INFORMATION:
BEGIN

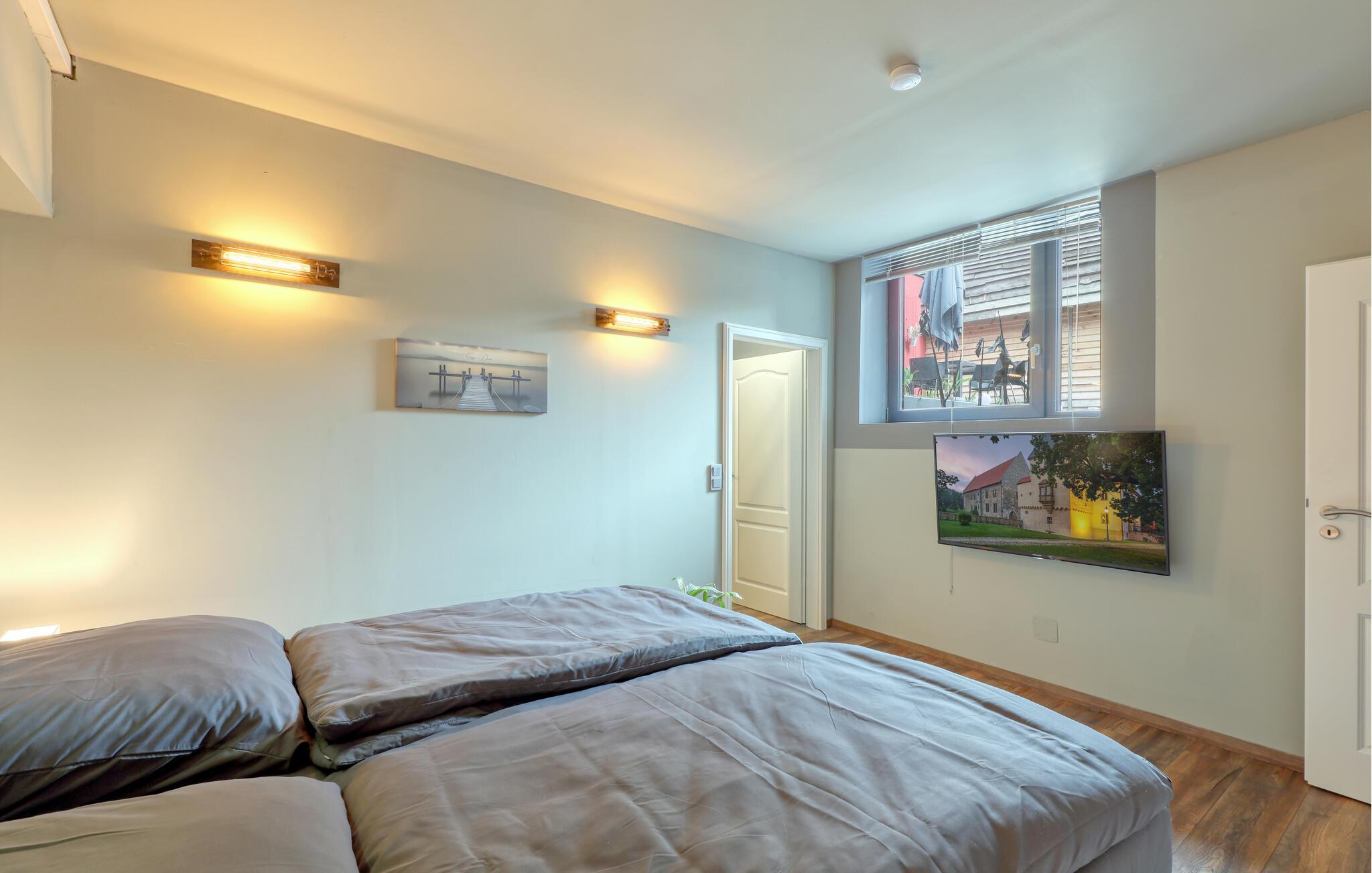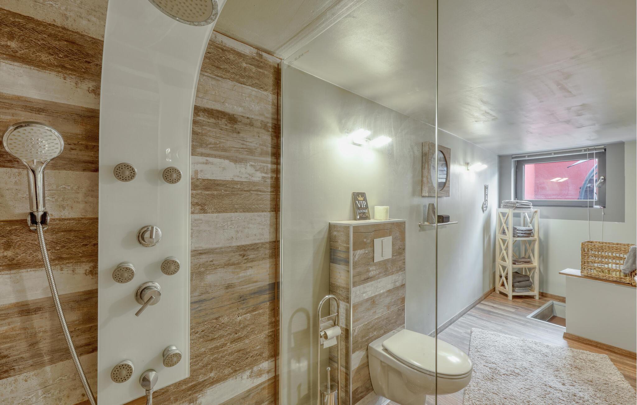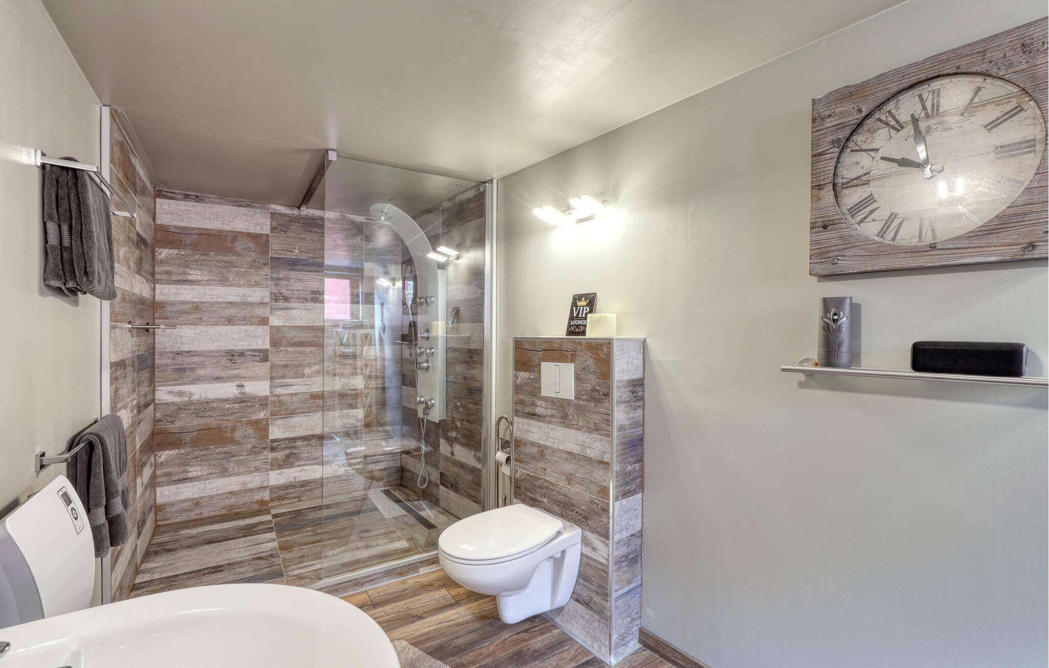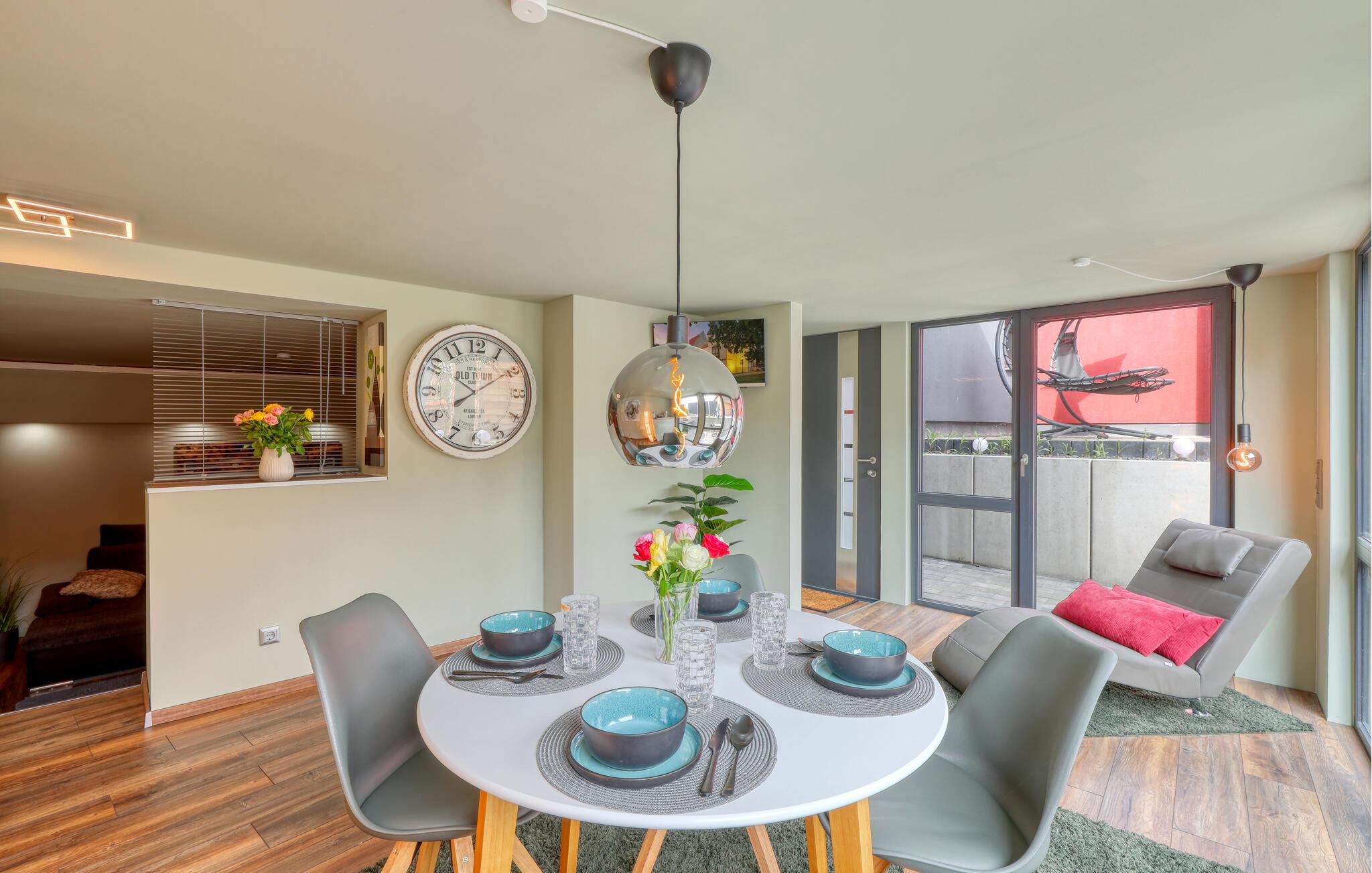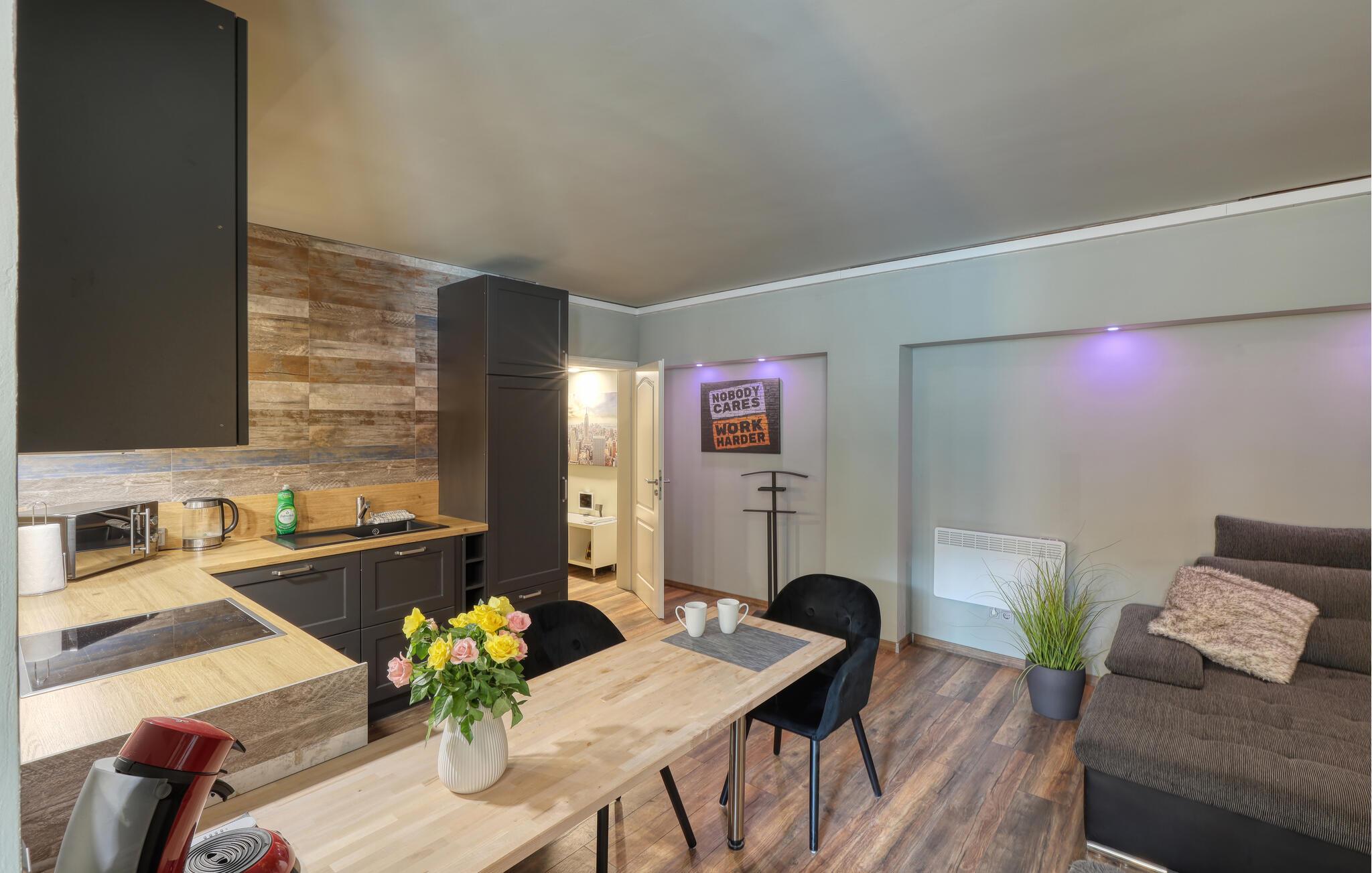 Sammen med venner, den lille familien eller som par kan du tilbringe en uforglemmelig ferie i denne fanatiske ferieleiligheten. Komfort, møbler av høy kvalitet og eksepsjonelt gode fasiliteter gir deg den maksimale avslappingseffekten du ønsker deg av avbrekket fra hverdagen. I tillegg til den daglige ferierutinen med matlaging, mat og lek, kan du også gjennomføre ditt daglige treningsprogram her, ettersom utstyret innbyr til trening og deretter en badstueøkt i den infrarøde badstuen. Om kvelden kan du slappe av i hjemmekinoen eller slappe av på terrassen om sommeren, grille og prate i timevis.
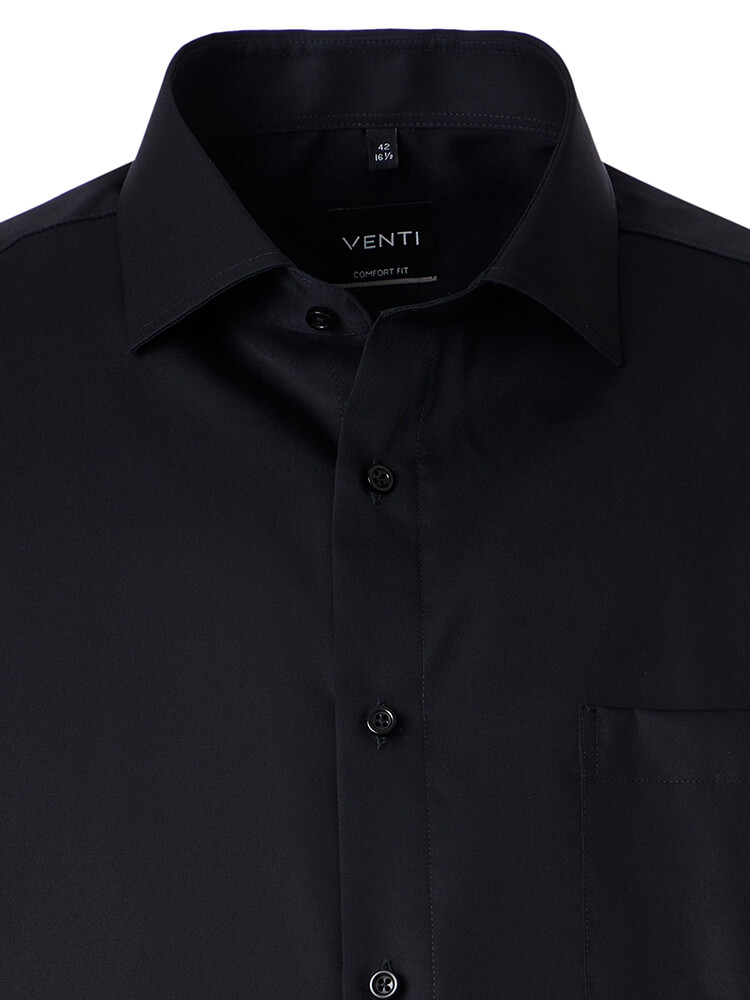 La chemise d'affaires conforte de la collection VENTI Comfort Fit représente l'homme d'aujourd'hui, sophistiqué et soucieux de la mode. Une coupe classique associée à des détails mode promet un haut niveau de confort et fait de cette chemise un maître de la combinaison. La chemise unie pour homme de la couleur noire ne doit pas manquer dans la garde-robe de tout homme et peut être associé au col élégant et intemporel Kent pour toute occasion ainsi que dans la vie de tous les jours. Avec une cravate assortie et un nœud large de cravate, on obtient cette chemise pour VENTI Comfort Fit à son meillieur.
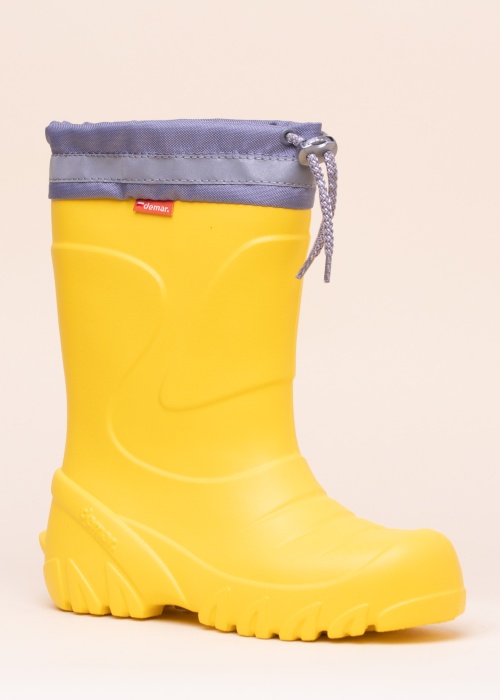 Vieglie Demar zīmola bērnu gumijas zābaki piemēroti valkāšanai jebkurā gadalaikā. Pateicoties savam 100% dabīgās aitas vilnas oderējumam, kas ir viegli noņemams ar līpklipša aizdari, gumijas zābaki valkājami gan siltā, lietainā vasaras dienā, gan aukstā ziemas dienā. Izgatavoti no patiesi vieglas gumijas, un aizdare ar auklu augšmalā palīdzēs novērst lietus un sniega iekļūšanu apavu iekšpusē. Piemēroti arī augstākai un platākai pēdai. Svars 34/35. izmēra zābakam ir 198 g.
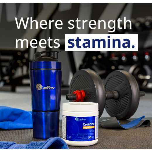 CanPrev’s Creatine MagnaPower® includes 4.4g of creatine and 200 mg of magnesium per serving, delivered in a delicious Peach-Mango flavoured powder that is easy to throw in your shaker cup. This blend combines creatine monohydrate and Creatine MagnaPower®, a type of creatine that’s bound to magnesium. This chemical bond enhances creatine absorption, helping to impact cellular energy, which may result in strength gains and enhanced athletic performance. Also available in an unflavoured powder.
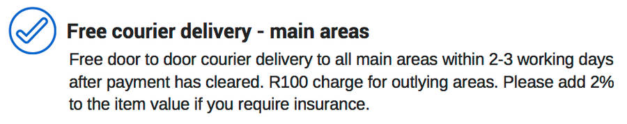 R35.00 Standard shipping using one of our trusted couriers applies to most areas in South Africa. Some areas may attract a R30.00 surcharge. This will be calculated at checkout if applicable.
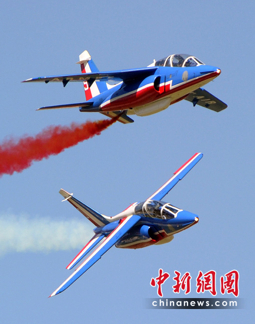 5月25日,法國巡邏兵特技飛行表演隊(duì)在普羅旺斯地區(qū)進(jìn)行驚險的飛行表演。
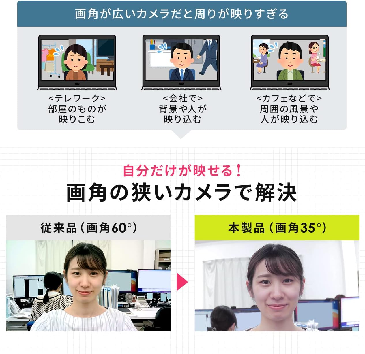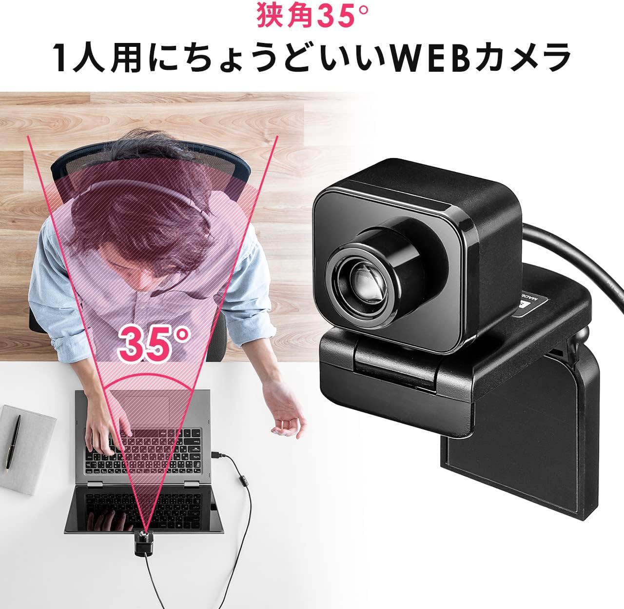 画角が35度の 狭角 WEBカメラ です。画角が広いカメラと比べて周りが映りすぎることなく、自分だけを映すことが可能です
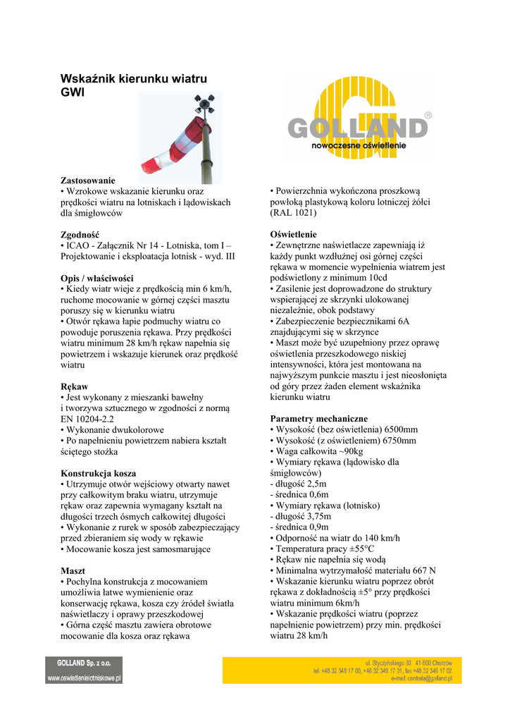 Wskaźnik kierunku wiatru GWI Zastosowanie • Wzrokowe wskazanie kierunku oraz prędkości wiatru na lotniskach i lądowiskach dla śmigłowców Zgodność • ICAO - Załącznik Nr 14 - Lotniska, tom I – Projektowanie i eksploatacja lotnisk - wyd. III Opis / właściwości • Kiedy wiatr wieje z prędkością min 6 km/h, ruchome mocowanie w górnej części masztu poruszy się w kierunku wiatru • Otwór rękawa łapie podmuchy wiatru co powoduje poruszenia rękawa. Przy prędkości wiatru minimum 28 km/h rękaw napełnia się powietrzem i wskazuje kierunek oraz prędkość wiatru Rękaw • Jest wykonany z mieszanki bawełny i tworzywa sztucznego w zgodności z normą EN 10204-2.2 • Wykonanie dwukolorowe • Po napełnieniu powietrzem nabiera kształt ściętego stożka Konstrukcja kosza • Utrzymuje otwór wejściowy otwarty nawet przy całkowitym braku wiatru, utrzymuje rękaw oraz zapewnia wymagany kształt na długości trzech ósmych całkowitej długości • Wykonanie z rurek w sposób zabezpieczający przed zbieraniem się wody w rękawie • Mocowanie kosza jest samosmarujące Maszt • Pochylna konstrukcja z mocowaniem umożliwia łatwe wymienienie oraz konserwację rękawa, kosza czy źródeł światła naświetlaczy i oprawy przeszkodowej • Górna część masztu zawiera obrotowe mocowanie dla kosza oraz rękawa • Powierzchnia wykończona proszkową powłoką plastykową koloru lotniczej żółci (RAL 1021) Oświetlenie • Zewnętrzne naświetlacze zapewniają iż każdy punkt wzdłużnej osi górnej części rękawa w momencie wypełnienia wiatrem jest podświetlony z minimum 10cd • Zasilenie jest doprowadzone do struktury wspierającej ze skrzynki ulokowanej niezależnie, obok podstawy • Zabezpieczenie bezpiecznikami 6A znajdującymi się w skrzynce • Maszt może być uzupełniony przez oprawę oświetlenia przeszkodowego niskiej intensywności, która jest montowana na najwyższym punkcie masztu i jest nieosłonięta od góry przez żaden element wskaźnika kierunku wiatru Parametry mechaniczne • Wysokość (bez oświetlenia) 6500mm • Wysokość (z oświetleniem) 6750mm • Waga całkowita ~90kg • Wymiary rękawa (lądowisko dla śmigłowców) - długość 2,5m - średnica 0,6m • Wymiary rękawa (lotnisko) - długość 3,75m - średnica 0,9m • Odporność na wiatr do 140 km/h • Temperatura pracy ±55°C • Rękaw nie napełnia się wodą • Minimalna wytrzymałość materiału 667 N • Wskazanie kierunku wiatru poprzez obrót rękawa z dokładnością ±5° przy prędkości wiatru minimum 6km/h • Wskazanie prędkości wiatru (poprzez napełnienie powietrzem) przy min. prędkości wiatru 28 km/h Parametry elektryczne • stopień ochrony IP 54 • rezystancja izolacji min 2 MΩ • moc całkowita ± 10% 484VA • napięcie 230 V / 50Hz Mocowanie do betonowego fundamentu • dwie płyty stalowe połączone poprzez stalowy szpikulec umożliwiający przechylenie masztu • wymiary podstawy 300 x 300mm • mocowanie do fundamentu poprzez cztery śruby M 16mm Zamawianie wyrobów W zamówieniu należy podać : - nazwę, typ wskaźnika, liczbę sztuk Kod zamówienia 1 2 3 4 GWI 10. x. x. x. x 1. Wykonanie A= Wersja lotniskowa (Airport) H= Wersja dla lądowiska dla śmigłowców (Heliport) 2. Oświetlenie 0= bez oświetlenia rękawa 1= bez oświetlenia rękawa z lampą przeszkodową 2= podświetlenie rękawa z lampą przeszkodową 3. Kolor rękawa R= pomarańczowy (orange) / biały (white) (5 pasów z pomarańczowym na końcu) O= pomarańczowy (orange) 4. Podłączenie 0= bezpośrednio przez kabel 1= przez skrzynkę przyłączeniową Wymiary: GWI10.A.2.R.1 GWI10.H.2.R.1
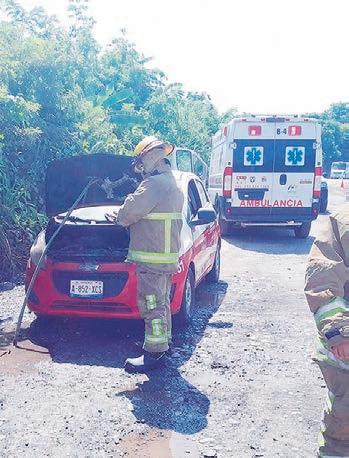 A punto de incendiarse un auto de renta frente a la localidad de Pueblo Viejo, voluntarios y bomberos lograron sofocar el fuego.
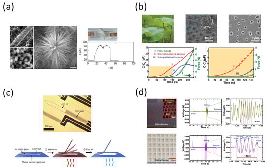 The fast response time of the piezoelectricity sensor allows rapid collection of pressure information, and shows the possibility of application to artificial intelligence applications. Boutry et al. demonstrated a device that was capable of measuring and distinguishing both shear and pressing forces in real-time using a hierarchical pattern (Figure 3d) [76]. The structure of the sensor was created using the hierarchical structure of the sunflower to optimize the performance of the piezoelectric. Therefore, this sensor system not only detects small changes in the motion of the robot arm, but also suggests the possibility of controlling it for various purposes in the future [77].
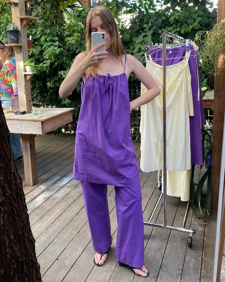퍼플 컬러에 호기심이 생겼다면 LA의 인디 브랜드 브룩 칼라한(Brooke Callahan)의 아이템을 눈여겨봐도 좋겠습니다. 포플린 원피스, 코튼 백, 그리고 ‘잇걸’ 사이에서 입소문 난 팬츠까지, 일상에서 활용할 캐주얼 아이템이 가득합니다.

END

EXERCISE DESCRIPTION: Working down from the line with "A punto de incendiarse", copy each line exactly until the last line of the entries, which is also included. Omit the pictures.

RESULT FOR THIS EXERCISE:
 A punto de incendiarse un auto de renta frente a la localidad de Pueblo Viejo, voluntarios y bomberos lograron sofocar el fuego.
 The fast response time of the piezoelectricity sensor allows rapid collection of pressure information, and shows the possibility of application to artificial intelligence applications. Boutry et al. demonstrated a device that was capable of measuring and distinguishing both shear and pressing forces in real-time using a hierarchical pattern (Figure 3d) [76]. The structure of the sensor was created using the hierarchical structure of the sunflower to optimize the performance of the piezoelectric. Therefore, this sensor system not only detects small changes in the motion of the robot arm, but also suggests the possibility of controlling it for various purposes in the future [77].
퍼플 컬러에 호기심이 생겼다면 LA의 인디 브랜드 브룩 칼라한(Brooke Callahan)의 아이템을 눈여겨봐도 좋겠습니다. 포플린 원피스, 코튼 백, 그리고 ‘잇걸’ 사이에서 입소문 난 팬츠까지, 일상에서 활용할 캐주얼 아이템이 가득합니다.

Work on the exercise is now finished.